**Collected data:**
----------------------------------------

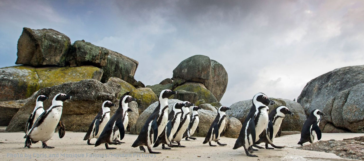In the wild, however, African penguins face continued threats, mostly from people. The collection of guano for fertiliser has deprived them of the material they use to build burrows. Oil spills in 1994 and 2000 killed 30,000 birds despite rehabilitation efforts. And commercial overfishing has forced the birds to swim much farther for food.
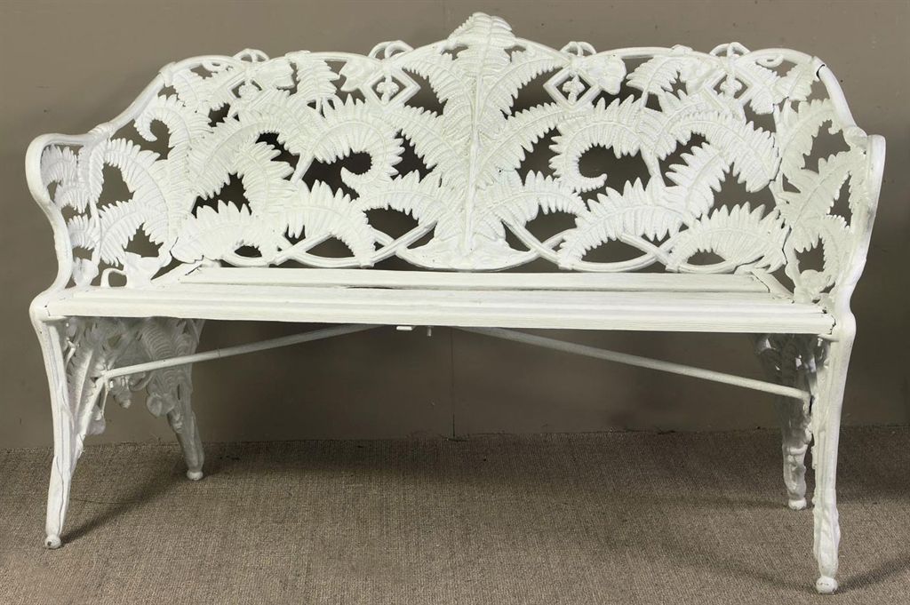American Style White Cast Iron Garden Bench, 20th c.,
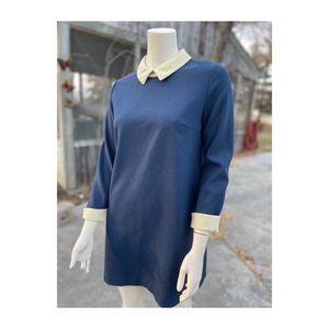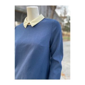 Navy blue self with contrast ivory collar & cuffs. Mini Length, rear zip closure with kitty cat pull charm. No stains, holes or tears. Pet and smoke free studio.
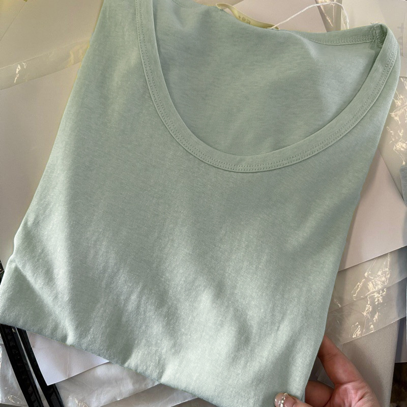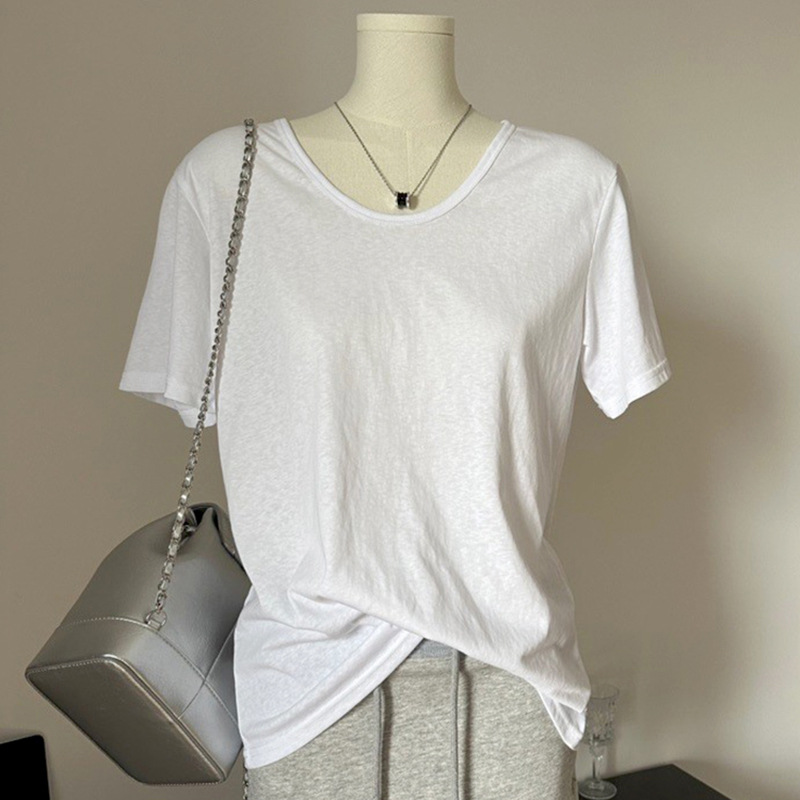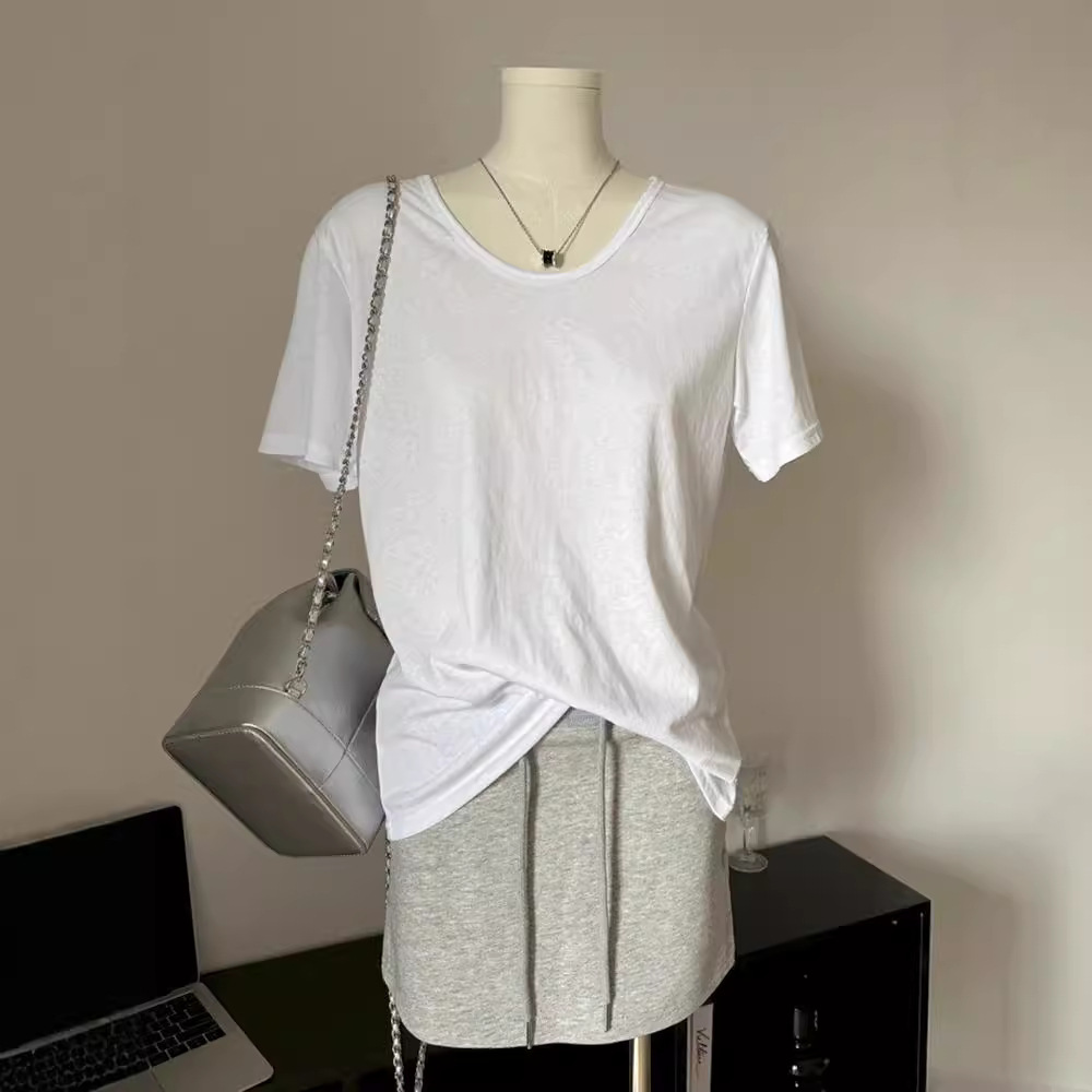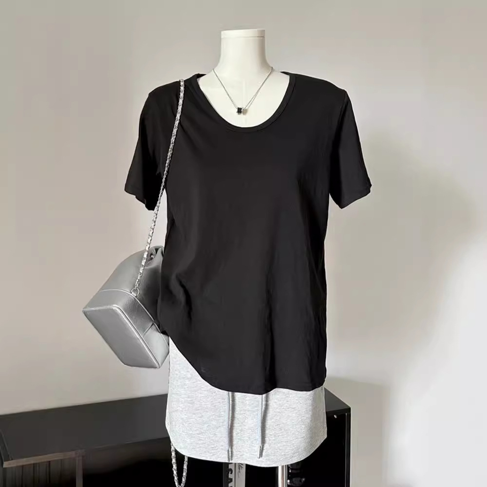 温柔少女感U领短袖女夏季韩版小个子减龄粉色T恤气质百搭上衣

----------------------------------------

**Problem to solve:**
From the line containing "American Style White" down to the end of the data above, reproduce each line exactly; no pictures.

**Task response:**
American Style White Cast Iron Garden Bench, 20th c.,
 Navy blue self with contrast ivory collar & cuffs. Mini Length, rear zip closure with kitty cat pull charm. No stains, holes or tears. Pet and smoke free studio.
 温柔少女感U领短袖女夏季韩版小个子减龄粉色T恤气质百搭上衣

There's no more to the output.